Dalam laporan berjudul "Infrastructure Sector Assesment Program" edisi Juni 2018, Bank Dunia menyatakan untuk menjalankan penugasan yang diberikan, tak jarang pemerintah memberikan keistimewaan kepada perusahaan pelat merah.
Keistimewaan diberikan dalam beberapa bentuk. Pertama, pemberian suntikan modal dalam bentuk Penyertaan Modal Negara (PMN). Tercatat, pada 2015 lalu pemerintah memberikan suntikan modal Rp41,4 triliun untuk 36 BUMN, yang setengah di antaranya digunakan untuk pembangunan infrastruktur.
Pada 2016, suntikan modal dinaikkan menjadi Rp53,98 triliun yang 83 persen di antaranya untuk pembangunan infrastruktur. Selain suntikan modal, BUMN juga sering diberikan akses yang lebih mudah untuk mendapatkan pinjaman dari bank BUMN tanpa uji kelayakan yang jelas dengan suku bunga rendah.
Bank Dunia dalam laporan tersebut menyatakan pemberian penugasan dan insentif tersebut telah menimbulkan masalah. Masalah berkaitan dengan peningkatan jumlah utang BUMN.
Untuk menjalankan penugasan dan membiayai pembangunan infrastruktur, BUMN yang tidak mempunyai dana operasional harus mencari pinjaman. Data Bank Dunia, tingkat utang tujuh BUMN infrastruktur yang ditugaskan pemerintah membangun infrastruktur, pada September 2017 lalu mencapai Rp200 triliun.

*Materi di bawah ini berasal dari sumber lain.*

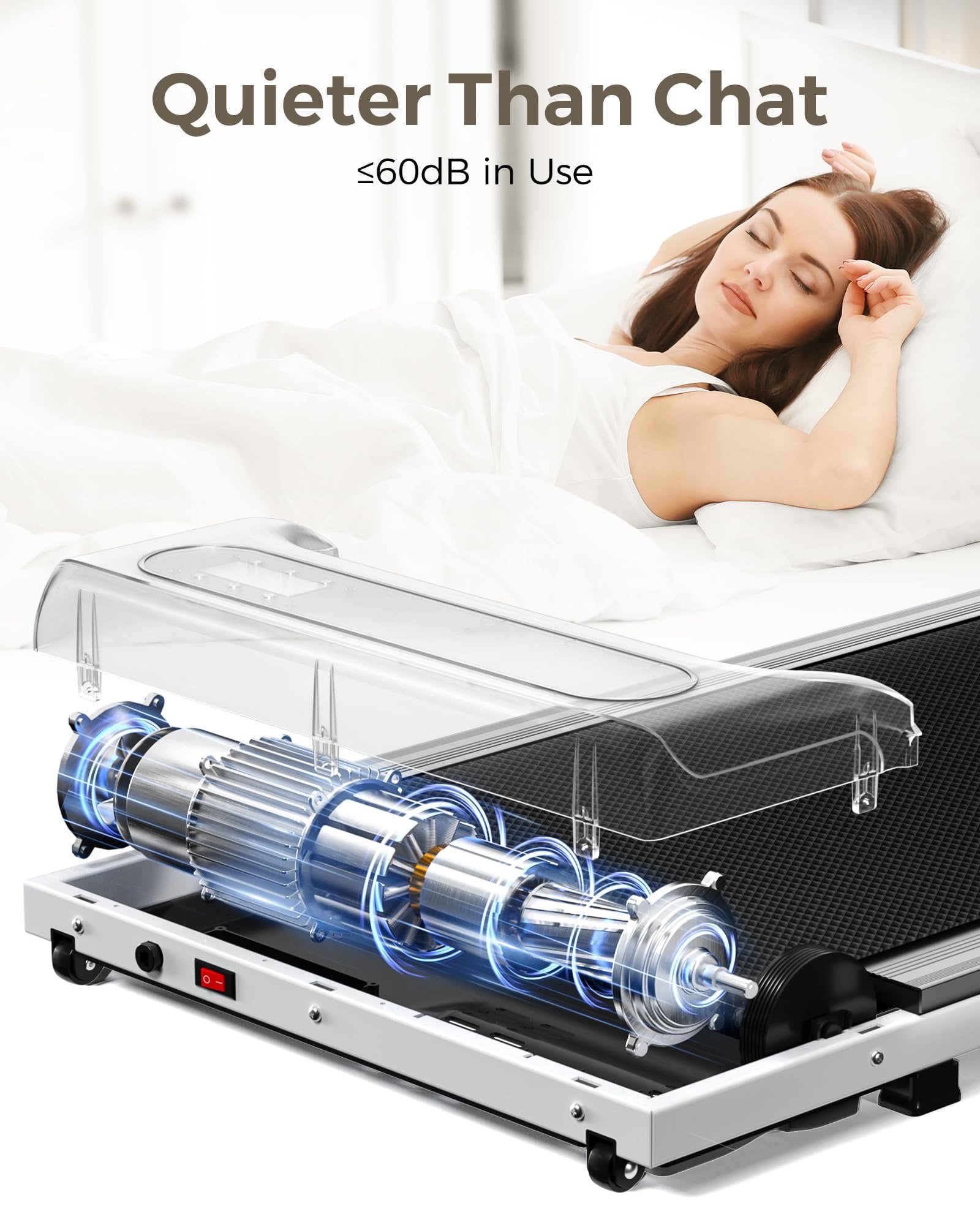 2.5HP Powerful Motor: The treadmill is equipped with a powerful 2.5HP motor and offers a large weight capacity of up to 265 lbs. And it is quiet while using. Using noise below 60 DB, so you can exercise while not disturbing others.

Jumlah utang BUMN tersebut naik tiga kali lipat dari tiga tahun sebelumnya atau sebelum mendapatkan penugasan. Utang berpotensi bertambah terus kalau mereka tetap menjalankan penugasan.
Masalah lain, berkurangnya kesempatan investasi sektor swasta dalam pembangunan infrastruktur. Bank Dunia menyatakan suntikan modal, insentif dan kemudahan yang diberikan kepada BUMN dalam menjalankan penugasan telah membuat perusahaan pelat merah di atas angin dalam tender dan lelang proyek infrastruktur.
Fasilitas tersebut telah mengurangi daya saing sektor swasta terhadap BUMN, sehingga membatasi kesempatan mereka untuk dapat memenangkan proyek.
Selain penugasan BUMN, Bank Dunia juga memberikan perhatian kepada pelaksanaan pembangunan infrastruktur dengan skema pemerintah badan usaha (KPBU). Bank Dunia dalam laporan setebal 344 halaman tersebut menyatakan sebenarnya pemerintah melalui Perpres Nomor 38 Tahun 2015 tentang Kerja Sama Pemerintah Badan Usaha dalam Penyediaan Infrastruktur sudah membuat kemajuan yang bagus dalam menetapkan institusi, instrumen dan proses agar proyek berskema KPBU bisa dijalankan.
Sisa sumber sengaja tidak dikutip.